Everything in the data gets repeated exactly, except for the pictures.

*** Records provided ***

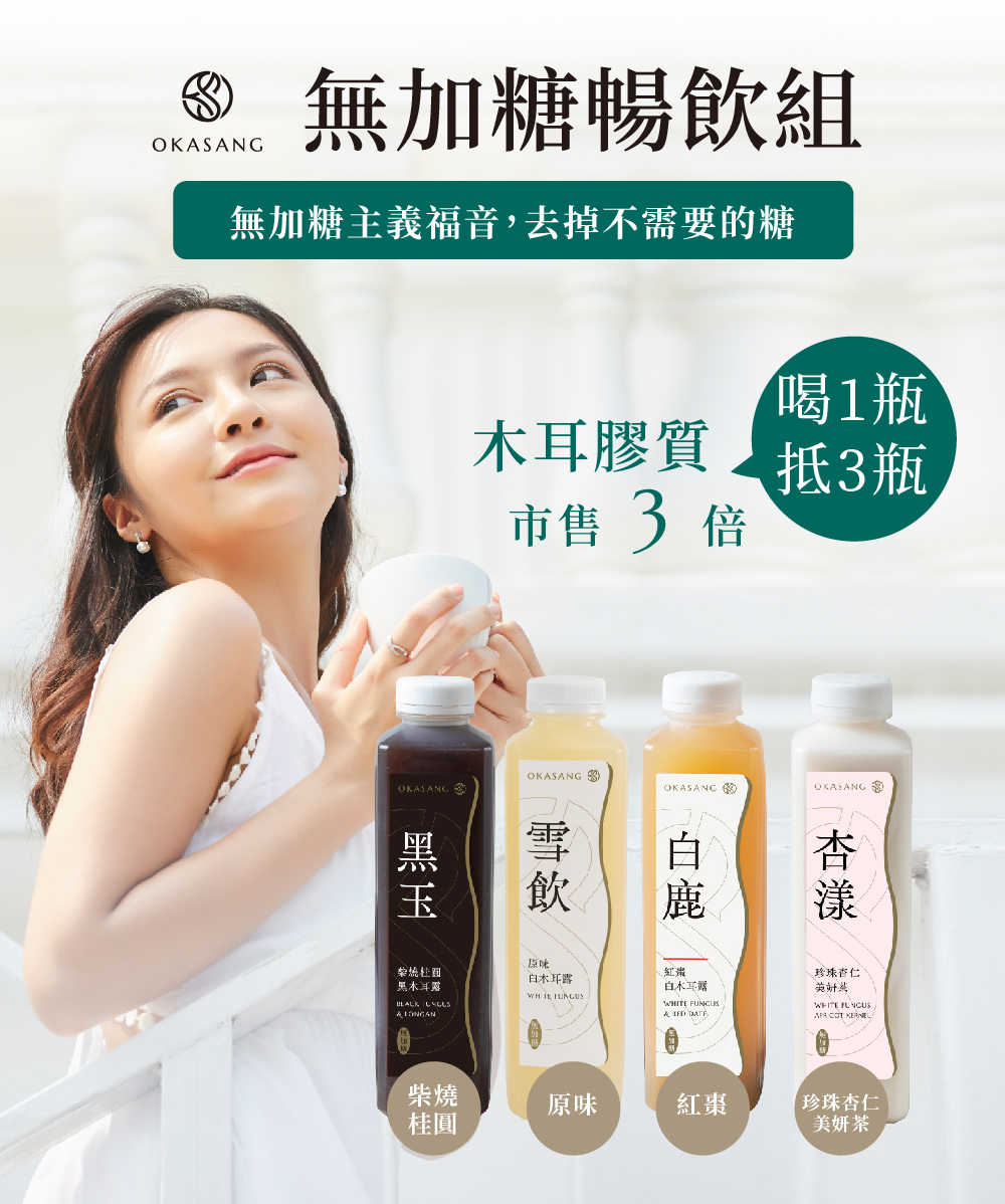 柴燒桂圓黑木耳露(無加糖):水、黑木耳、柴燒龍眼乾/原味白木耳露(無加糖):水、白木耳 / 紅棗白木耳露(無加糖):水、白木耳、紅棗/珍珠杏仁美妍茶(無加糖):水、南杏仁、白木耳、珍珠粉
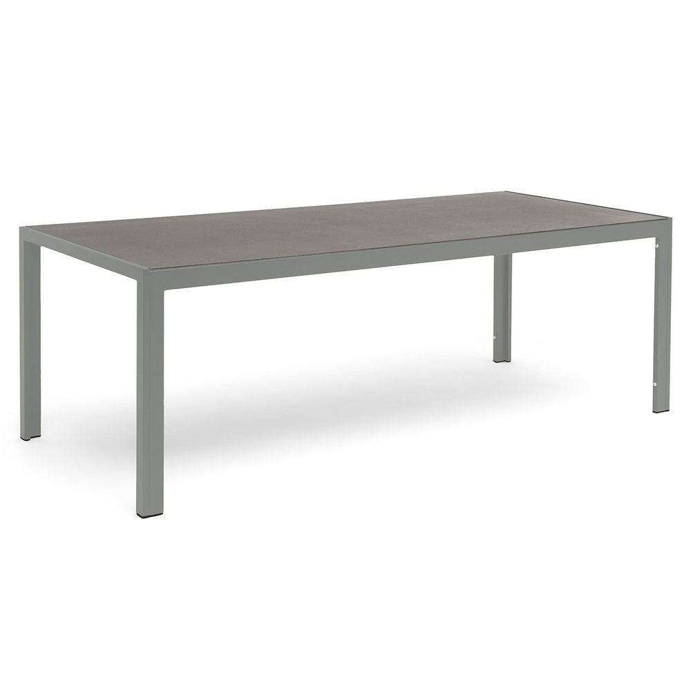 Stilrent och underhållsfritt allroundbord som passar till många olika stolar. Tillverkad i aluminium. Bordsskiva i varmgrå melerad keramisk glas, 8 mm tjock.
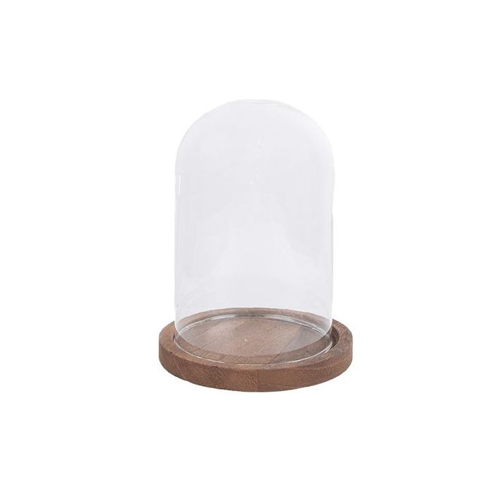 The Clayre Eef Cloche 6GL1944 Ø 12x16 cm adds a touch of class and elegance to any setting. This petite round glass dome with a wooden base shines in displaying smaller decorative pieces like plants, candles, or jewellery. Its transparent glass beautifully reveals your items, while the natural wood base injects warmth and a rustic charm into the look.
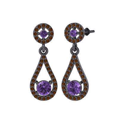 Ametist ve dumanlı kuvars 925 ayar siyah rodyum kaplama gümüş küpe
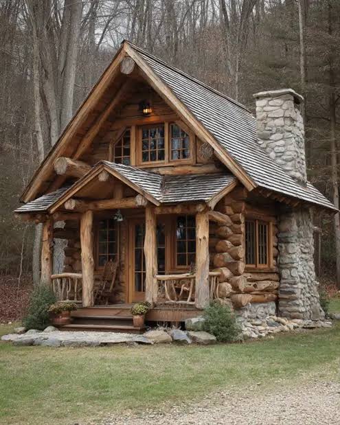 create a high res real photo with spring setting green grass colorful bushes and plants with blue sky add 4 adirondack chairs around the fire pit off to side of home looking at lake show board batten siding with reclaimed wood grey color on all woods show a lake scene behind the house show driveway to cabin 16 9 ratio no long siding or post

*** End of Records provided ***

**Result for this exercise:**
 柴燒桂圓黑木耳露(無加糖):水、黑木耳、柴燒龍眼乾/原味白木耳露(無加糖):水、白木耳 / 紅棗白木耳露(無加糖):水、白木耳、紅棗/珍珠杏仁美妍茶(無加糖):水、南杏仁、白木耳、珍珠粉
 Stilrent och underhållsfritt allroundbord som passar till många olika stolar. Tillverkad i aluminium. Bordsskiva i varmgrå melerad keramisk glas, 8 mm tjock.
 The Clayre Eef Cloche 6GL1944 Ø 12x16 cm adds a touch of class and elegance to any setting. This petite round glass dome with a wooden base shines in displaying smaller decorative pieces like plants, candles, or jewellery. Its transparent glass beautifully reveals your items, while the natural wood base injects warmth and a rustic charm into the look.
 Ametist ve dumanlı kuvars 925 ayar siyah rodyum kaplama gümüş küpe
 create a high res real photo with spring setting green grass colorful bushes and plants with blue sky add 4 adirondack chairs around the fire pit off to side of home looking at lake show board batten siding with reclaimed wood grey color on all woods show a lake scene behind the house show driveway to cabin 16 9 ratio no long siding or post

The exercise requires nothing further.